The AI-assistance track is well worth exploring, but it’s worth noting that this type of automation could also work with a much more basic feed aggregator that simply asks projects to list their update feeds (blog rss, mastodon, github releases etc.) and it’d create summaries for projects by simply linking out to their updates for the past month.

Here’s a working proof-of-concept for exactly that:

What I imagine an AI assistance flow could add to this is semantic curation by grouping related updates together under shared headings and lists.

As has been mentioned, LLMs love to jab and expound, and the job-to-be-done here is actually the opposite. We wanna push a bunch of feeds through a salience filter that leaves only the essentials.

The good thing about a weekly newsletter is that the worst case scenario is simply an uninteresting article, so there’s a lot of leeway here to simply try some stuff.

In the spirit of trying some stuff, here’s on approach I’d like to see attempted:

Per-account highlights

Every week theres an auto-generated update that simply lists out the latest updates from every single Atmosphere dev/advocate in compressed form, which would likely amount to ~50 people at the least.
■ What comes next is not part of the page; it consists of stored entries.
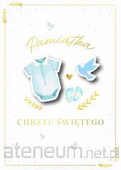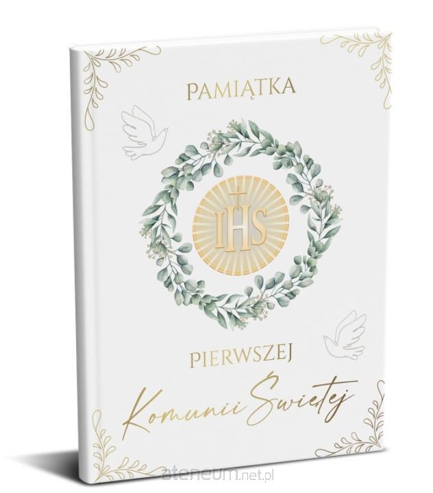 Książeczka z Okazji I Komunii Świętej w formacie A5 wraz z kopertą w środku.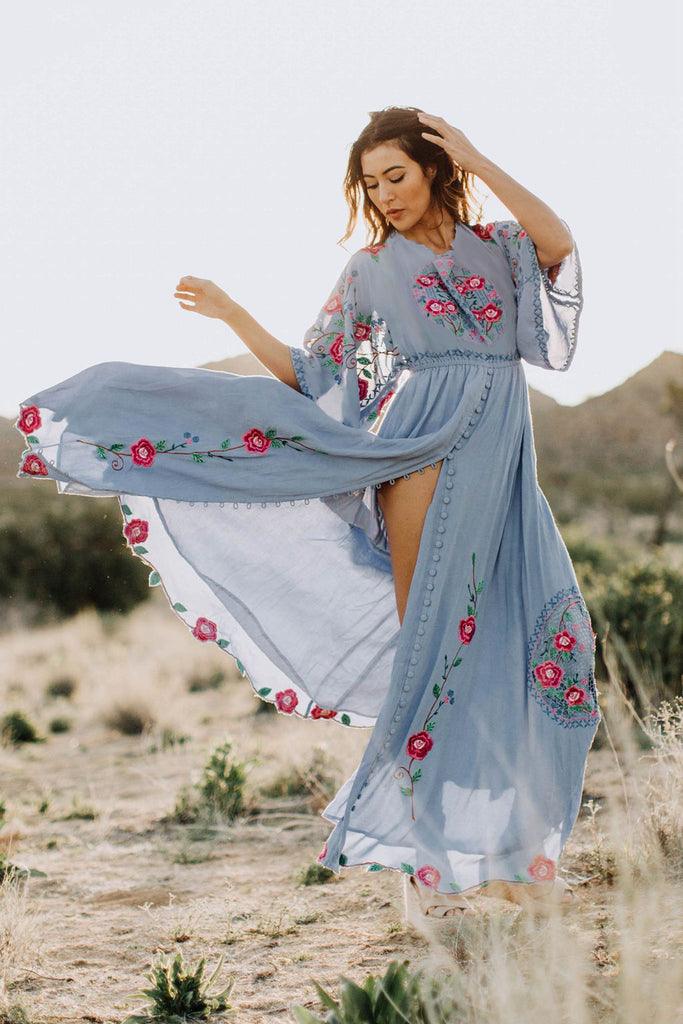Crafted from lightweight and breathable fabric, this dress offers unmatched comfort while showcasing timeless boho vibes. The soft, sky-blue backdrop serves as a perfect canvas for the vivid embroidery, evoking dreamy desert sunsets and carefree wanderlust.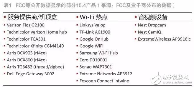 首先來看不同廠商的盒子。從過去6個(gè)月(2016年12月到2017年5月)美國(guó)聯(lián)邦通信委員會(huì)(FCC)對(duì)接入設(shè)備進(jìn)行公告的信息,以及盒子廠商注冊(cè)時(shí)的產(chǎn)品信息可列出表1。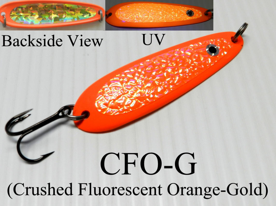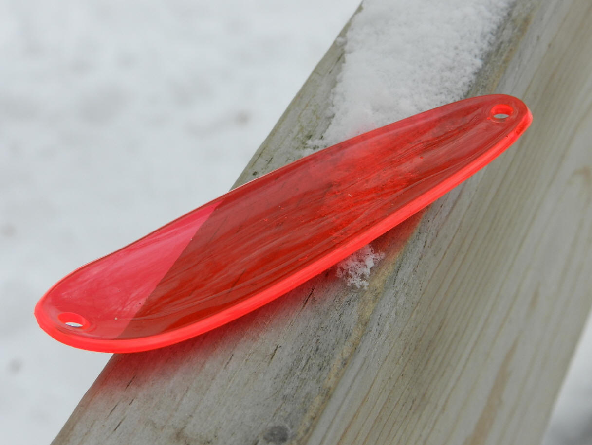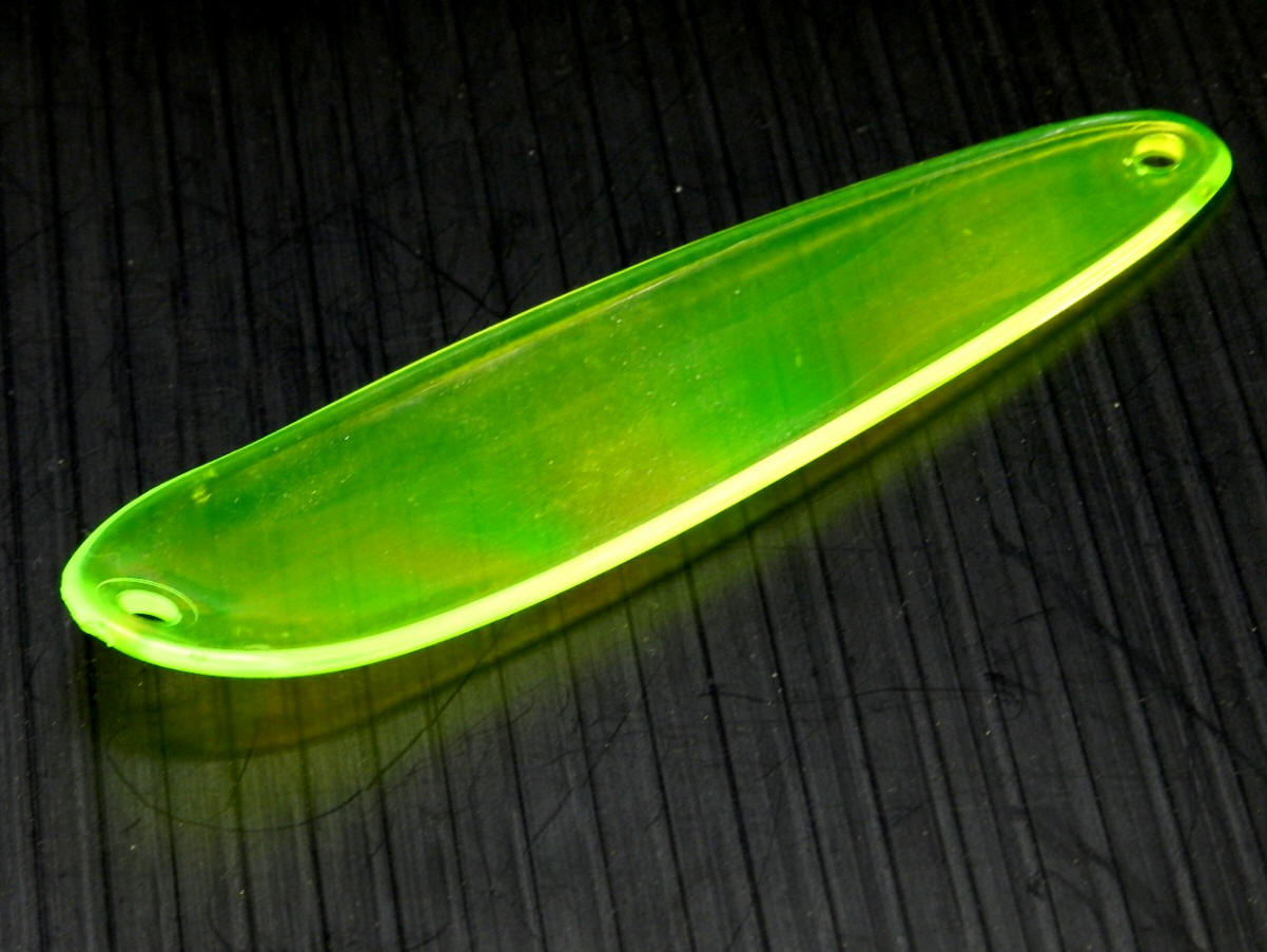 1/12/16  Today's pic show the fiber optic glow edge on my Salmon Buster™ spoons.  This photo was shot on macro with no editing to alter the original visual content.  Photo was snapped on my desk.  It's more noticeable in full sun. Click fiber optic spoon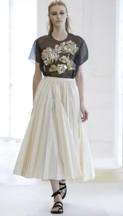 迪奧套裝(Bar Suit)作為迪奧品牌的精髓,成為本季的設計主線而不斷被強調(diào)。如今,設計靈感在原有的基礎上不斷突破,迪奧套裝的標志廓形:沙漏型的外套和超大裙擺,再次被運用到本季設計中,而強烈對比的黑白兩色也成為本季的色彩基調(diào)。
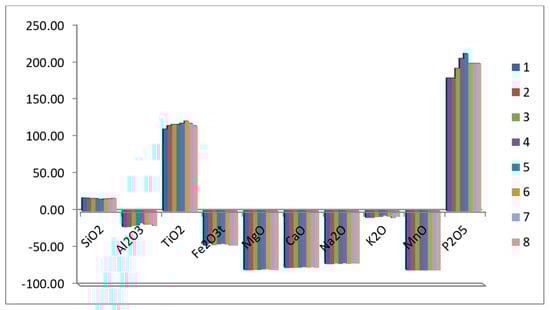 Enrichment in SiO2 may be correlated with the silicification processes, as indicated from petrographic studies [], and can be due to the considerable quantity of free Si-bearing mineral phases (e.g., quartz) that increase in the more evolved granites. The silicification process leads to silica enrichment at the expense of other major oxides. The formation of titanite, rutile, and ilmenite is reflected by increased TiO2 contents in all of the altered granite samples’ alteration of silicate minerals (feldspars and ferromagnesians) and formation of Ti-bearing minerals. Enhanced values of P2O5 could be connected to the presence of apatite, monazite, and xenotime [].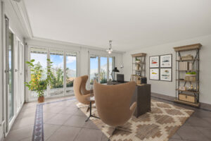 Charmante Villa mit 272 m² Wohnfläche in den Schweizer Weinbergen. Grosszügige Wohnbereiche mit Kamin, Esszimmer mit Terrassenzugang, Weinkeller, Sauna, Fitness, Yoga-Raum sowie überdachter Balkon mit Panoramablick. Zwei gedeckte Parkplätze und drei Aussenstellplätze inklusive
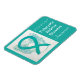 Polycystic Kidney Disease uses a teal ribbon to support awareness for its cause. The custom magnet features a teal awareness ribbon guardian angel art magnet with the message "Support Polycystic Kidney Disease Awareness". The teal awareness angel ribbon art can be customised with personalised messages to make great cause merchandise magnets for fundraisers, awareness gifts, or other special cause events or occasions.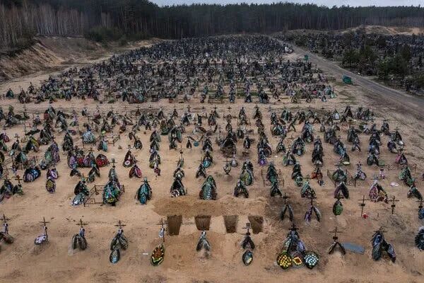 乌克兰官员称,他们在马里乌波尔Mariupol市外发现了乱葬岗(mass graves)。美国卫星图像公司Maxar Technologies收集和分析的照片显示,在马里乌波尔以西约19公里的Manhush出现了200多个新坟墓。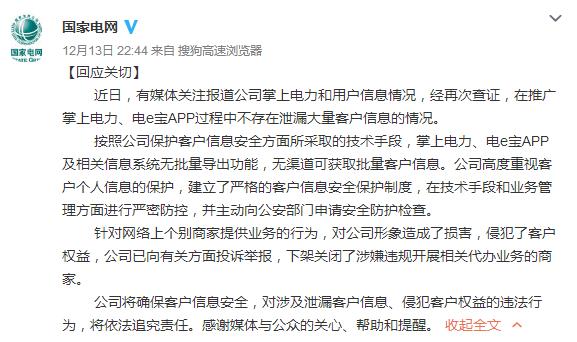 传自有支付平台客户信息外泄 国家电网深夜辟谣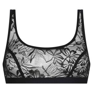 Catch the feminine yet sporty design of this bra Mod by Dim ein refined black lace and casual details! Designed to enhance, shape and support the breasts with voluptuous comfort, the bra Mod by Dim is constructed without a cup, without underwiring and with very elegant “princess” seams. We love the sheer palm fronds and exotic flowers, which dress up your décolletage with refinement.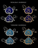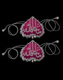 Handmade Gota Imam Zamin detailed intricately with kora, Gota phool and pearls on Silk Base. A pair Size: 4x4.5 inches Closure: String Tie Product color may slightly vary due to photographic lighting sources...
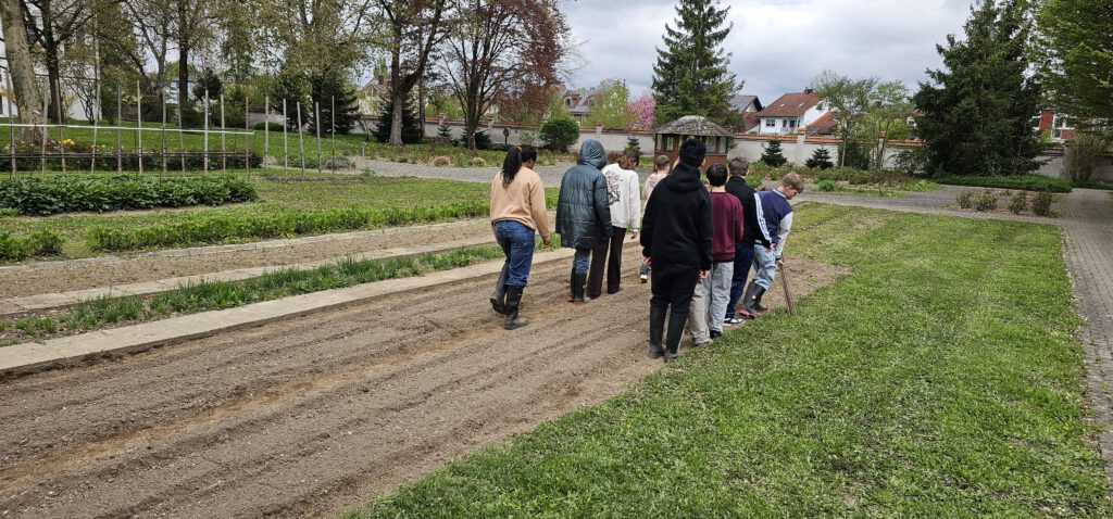Auch im Unterricht wurde das Projekt aktiv aufgegriffen. Die Schülerinnen und Schüler der Klasse 6a beschäftigten sich im Mathematikunterricht mit der Frage, wie die einzelnen Beete sinnvoll eingeteilt und abgesteckt werden können. Sie entwickelten Skizzen, berechneten Maße und setzten ihre Planungen anschließend direkt im Schulgarten praktisch um.
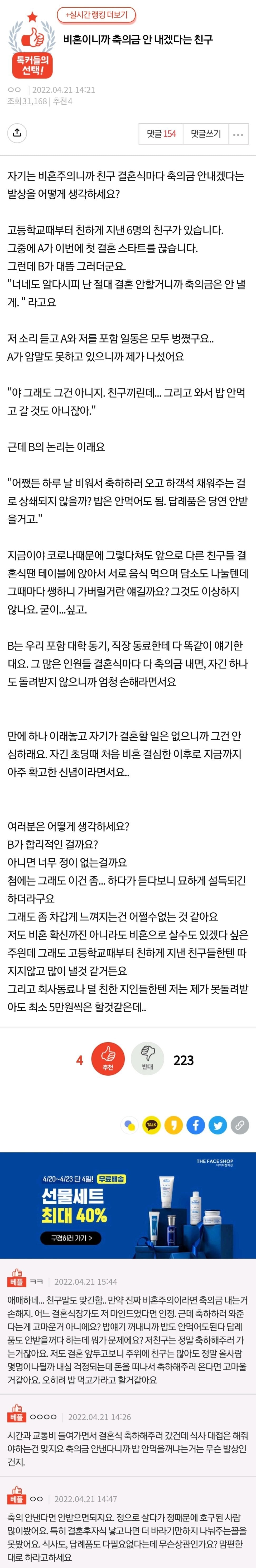 해당 발언에 모두가 당황했고, 아무 말 못하는 B를 본 A씨가 나섰다고 한다. A씨는 축의금을 내지 않겠다는 친구 C에게 "야 그래도 그건 아니지, 친구끼린데…와서 밥 안 먹고 갈 것도 아니잖아"라고 말했다는 것.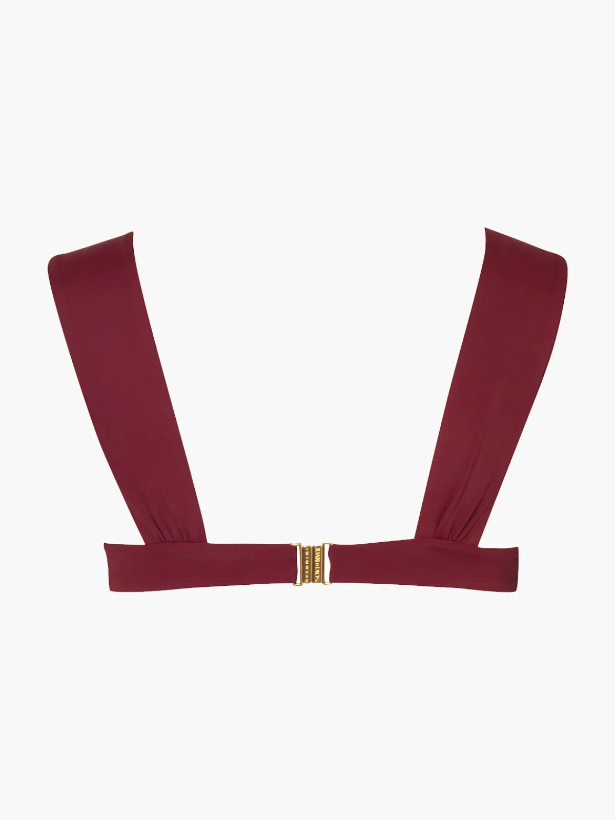 Our Juan de Dios Sabina Top in Wine features a colorblocked design in a wide strap silhouette with a sweetheart neckline and a brooch closure in back. Handcrafted in Colombia by female heads of households.
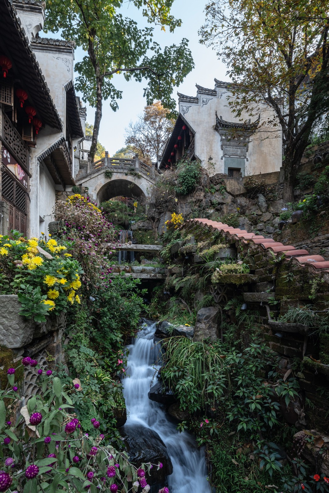 地质灾害造成黄土碎石雍塞山谷,施工难度大,交通运输非常困难。设计团队化困境为机遇,巧妙利用滑坡后改变的地势,就势修建为篁岭第二条极富特性的街道“花溪水街”。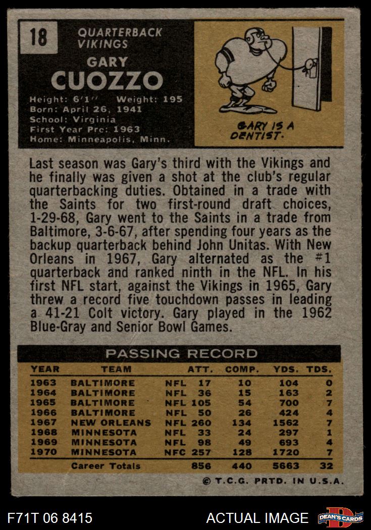 1971 Topps #18 Gary Cuozzo 2 - GOOD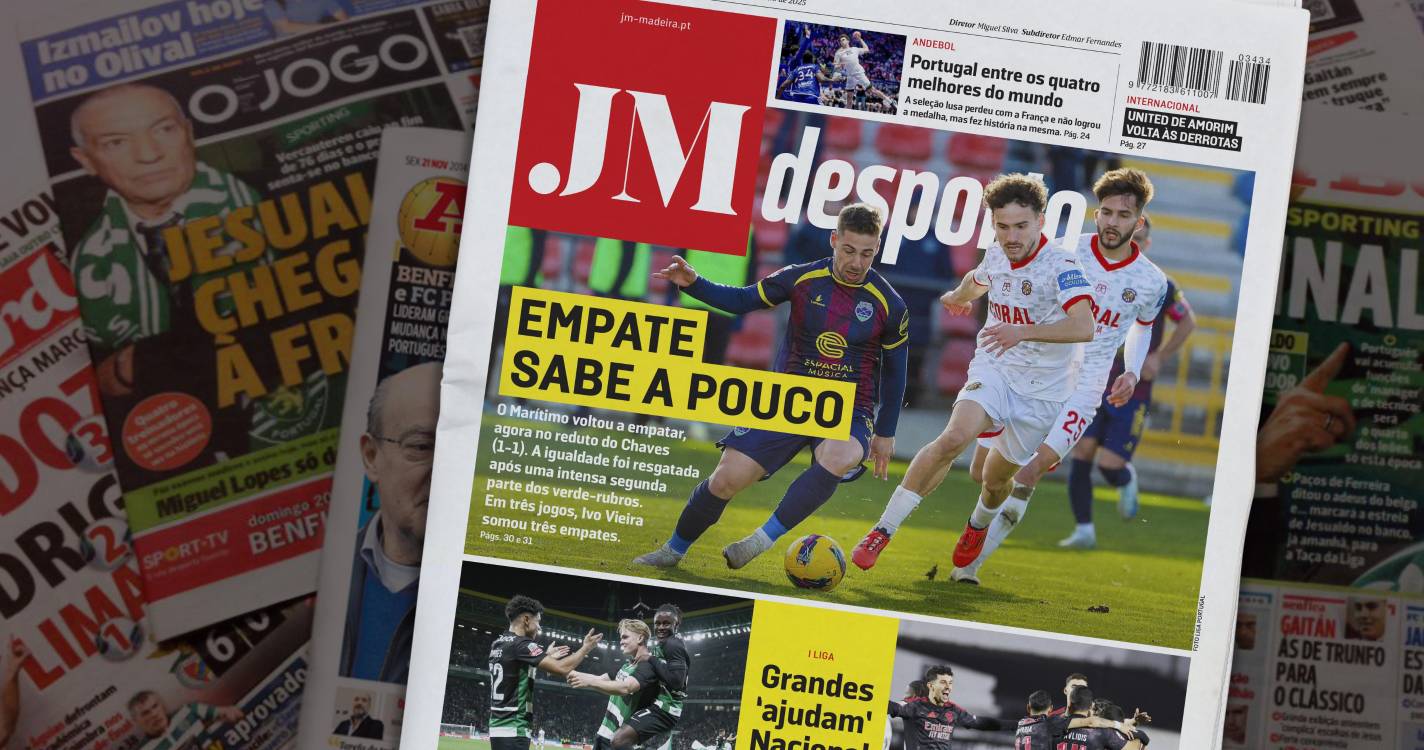 O empate do Marítimo na ‘casa’ do Chaves é o principal destaque na capa do JM Desporto. Em três jogos, o treinador Ivo Vieira somou três empates, acumulando, assim, três pontos.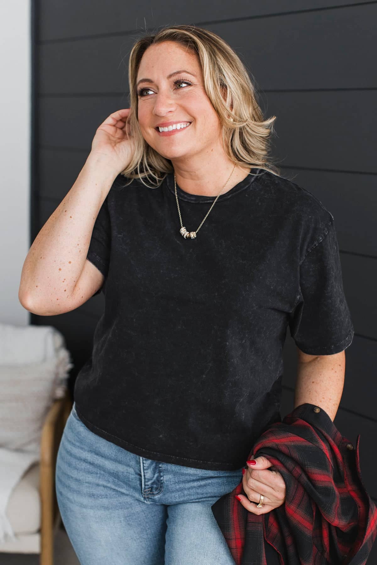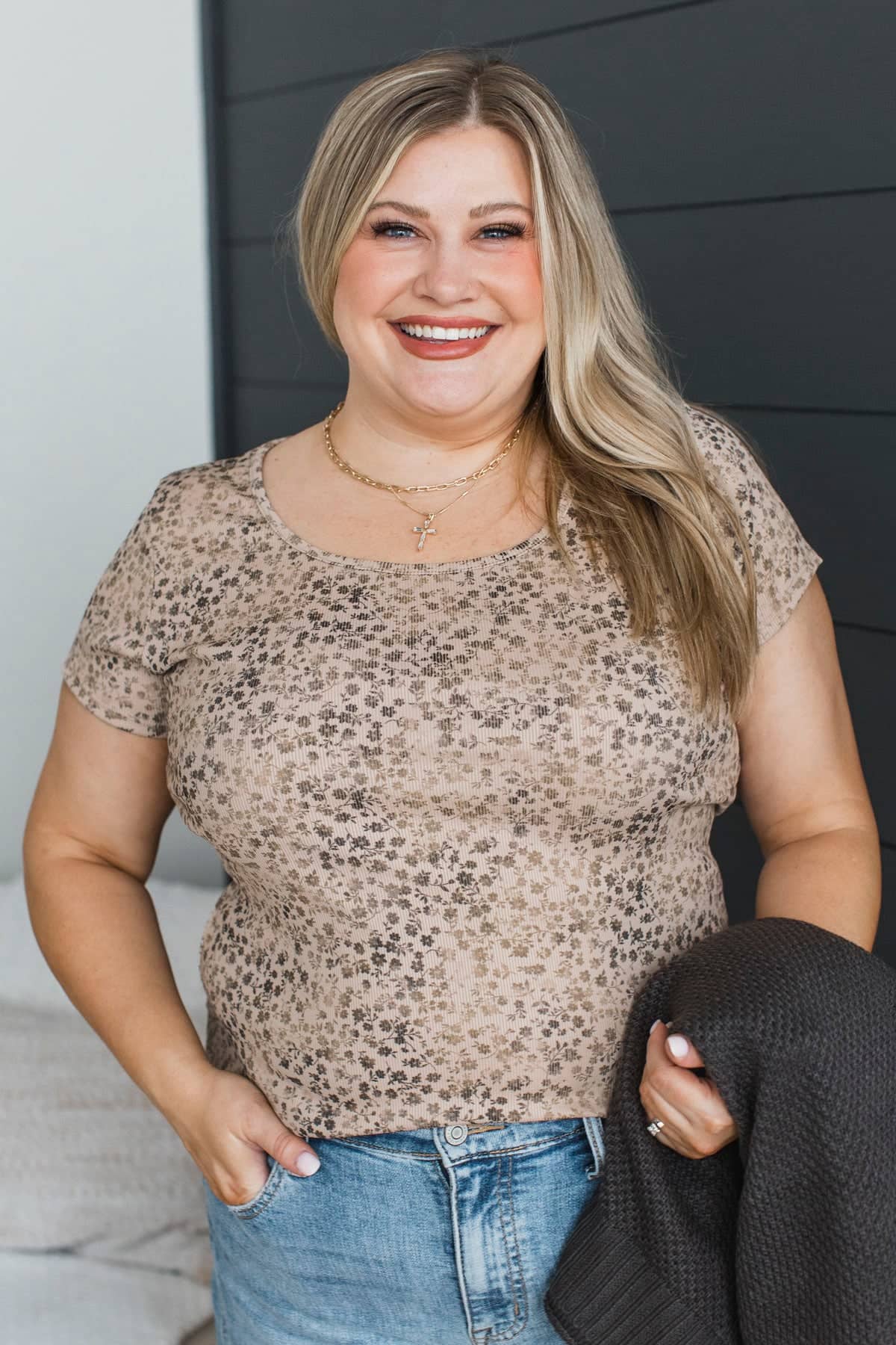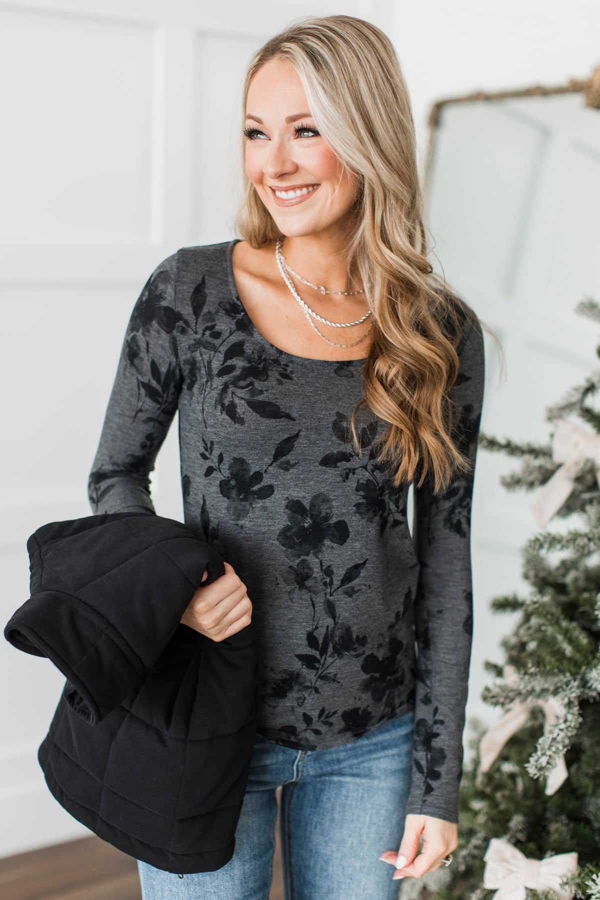 Just For Laughs Long Sleeve Floral Top- Charcoal

The format would be strictly succinct, only allowing a single most-noteworthy post embed followed by a list of three other noteworthy updates.

E.g.

erlend.sh

https://bsky.app/profile/erlend.sh/post/3mdnjcq5bik2c

  • three
  • other
  • things

And with that data, maybe the AI could attempt to detect a theme for the past week’s work, like ‘this week many people made progress on group-spaces as a protocol substrate’.

Note: Some bots (autonomous machine agents) might show up in this thread to assist in this effort, as I put a call out and some bots have answered already.

I share many people’s skepticism that this could prove to be a difficult task for the agents, but we can experiment & iterate very cheaply so it’s worth a shot.

Also, if we can get a handful of bots to all do this then they can start cross-checking their outputs for further refinements.